For a more in-depth look, Jung's descriptions of each go into great detail, and are preferred.


----------



## Chamondelle (Sep 8, 2013)

mirrorghost said:


> i am similar in a way, i don't get it! except my Ne is higher, but my Ni is the next in the stack always, so it goes Fi/Ne/Ni..i started thinking maybe i was really INFJ but i am Fi all the way so i don't even know anymore. someone yesterday said it makes more sense in socionics, so i've begun researching that again (because it never makes much sense to me.)

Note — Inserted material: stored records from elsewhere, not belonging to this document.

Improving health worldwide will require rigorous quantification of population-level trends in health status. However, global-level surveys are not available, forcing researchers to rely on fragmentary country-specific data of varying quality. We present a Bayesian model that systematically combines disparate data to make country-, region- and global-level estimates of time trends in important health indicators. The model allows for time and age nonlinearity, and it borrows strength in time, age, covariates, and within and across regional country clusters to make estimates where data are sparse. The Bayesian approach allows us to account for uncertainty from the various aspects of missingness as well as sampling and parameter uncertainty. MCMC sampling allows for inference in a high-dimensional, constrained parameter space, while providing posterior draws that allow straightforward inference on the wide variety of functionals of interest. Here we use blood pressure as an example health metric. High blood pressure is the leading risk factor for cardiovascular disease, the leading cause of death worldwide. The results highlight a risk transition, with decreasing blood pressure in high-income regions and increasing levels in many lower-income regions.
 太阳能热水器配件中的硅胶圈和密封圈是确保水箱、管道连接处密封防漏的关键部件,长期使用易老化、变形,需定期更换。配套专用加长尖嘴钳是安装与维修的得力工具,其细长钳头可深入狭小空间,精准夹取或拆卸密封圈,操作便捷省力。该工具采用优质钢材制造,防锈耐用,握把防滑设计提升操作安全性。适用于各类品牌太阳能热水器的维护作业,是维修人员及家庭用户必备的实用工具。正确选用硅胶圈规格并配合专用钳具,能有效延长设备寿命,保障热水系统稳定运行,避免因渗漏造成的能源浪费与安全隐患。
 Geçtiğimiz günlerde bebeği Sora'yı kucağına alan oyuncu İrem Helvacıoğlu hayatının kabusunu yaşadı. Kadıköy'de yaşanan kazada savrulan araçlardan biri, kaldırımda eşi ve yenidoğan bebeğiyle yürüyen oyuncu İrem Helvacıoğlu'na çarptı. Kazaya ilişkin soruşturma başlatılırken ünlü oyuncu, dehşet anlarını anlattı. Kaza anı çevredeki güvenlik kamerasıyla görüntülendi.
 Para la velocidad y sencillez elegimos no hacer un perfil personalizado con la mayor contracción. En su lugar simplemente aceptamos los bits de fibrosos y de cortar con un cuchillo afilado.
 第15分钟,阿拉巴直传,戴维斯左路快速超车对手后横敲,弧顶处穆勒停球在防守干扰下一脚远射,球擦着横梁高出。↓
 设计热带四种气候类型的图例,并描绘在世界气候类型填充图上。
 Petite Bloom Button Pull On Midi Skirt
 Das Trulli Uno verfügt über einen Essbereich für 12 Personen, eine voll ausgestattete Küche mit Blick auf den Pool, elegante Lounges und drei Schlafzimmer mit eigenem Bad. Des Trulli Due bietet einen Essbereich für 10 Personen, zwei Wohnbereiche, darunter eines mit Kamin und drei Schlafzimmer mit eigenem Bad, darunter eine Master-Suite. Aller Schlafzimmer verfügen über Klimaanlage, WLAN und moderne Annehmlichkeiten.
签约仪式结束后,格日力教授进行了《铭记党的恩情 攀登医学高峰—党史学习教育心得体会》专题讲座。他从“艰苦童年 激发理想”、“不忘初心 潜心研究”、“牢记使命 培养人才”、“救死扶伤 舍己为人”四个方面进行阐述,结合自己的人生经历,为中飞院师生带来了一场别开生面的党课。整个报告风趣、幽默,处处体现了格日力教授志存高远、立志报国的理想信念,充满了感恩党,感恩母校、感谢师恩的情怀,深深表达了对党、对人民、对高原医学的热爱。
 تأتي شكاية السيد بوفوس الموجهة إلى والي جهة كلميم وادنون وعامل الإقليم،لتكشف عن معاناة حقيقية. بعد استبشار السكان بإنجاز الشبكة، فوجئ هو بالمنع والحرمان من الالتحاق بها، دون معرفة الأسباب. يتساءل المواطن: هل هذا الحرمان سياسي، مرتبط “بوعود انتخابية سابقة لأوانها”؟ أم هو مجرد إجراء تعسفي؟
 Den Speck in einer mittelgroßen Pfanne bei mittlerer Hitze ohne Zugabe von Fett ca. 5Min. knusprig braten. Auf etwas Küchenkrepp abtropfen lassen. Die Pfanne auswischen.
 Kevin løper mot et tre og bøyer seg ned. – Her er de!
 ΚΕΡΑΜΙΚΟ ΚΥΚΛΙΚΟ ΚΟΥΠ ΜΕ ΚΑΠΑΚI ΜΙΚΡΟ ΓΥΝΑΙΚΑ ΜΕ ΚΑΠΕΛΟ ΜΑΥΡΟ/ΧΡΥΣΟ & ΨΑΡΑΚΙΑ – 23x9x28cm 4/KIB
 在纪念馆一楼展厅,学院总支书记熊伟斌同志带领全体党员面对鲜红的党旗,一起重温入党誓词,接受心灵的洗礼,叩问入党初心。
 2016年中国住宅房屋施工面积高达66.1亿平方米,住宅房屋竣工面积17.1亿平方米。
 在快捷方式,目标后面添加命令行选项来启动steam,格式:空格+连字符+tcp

I know, my orders are Fi Ni Ne Si Ti Te Fe Se last time I tested in keys2cognition. My ENFP friend has Ne Fi Fe. my INTJ is more even messed up in orders. (4w5 INTJ seems to have high jolted Fi)
Then we searched through the definition of this result, and give up, lol 

Not really bothered by now. MBTI is like mixing paints. Blue + Red : sometimes purple, sometimes another shades of it... sometimes unclear. But you're still Blue + Red.


----------



## Ollyx2OxenFree (Feb 2, 2012)

Word Dispenser said:


> However... If you are an INFJ, and utilize Ni, you would use Ne as your role function. Meaning Ni would be priority. And you'd mock Fi, having a good use of it, but not really value it. You'd then have a dislike and/or improper use of Te. As Se would be the lowest function, you would not be able to produce or utilize it for yourself, but you would enjoy it in others.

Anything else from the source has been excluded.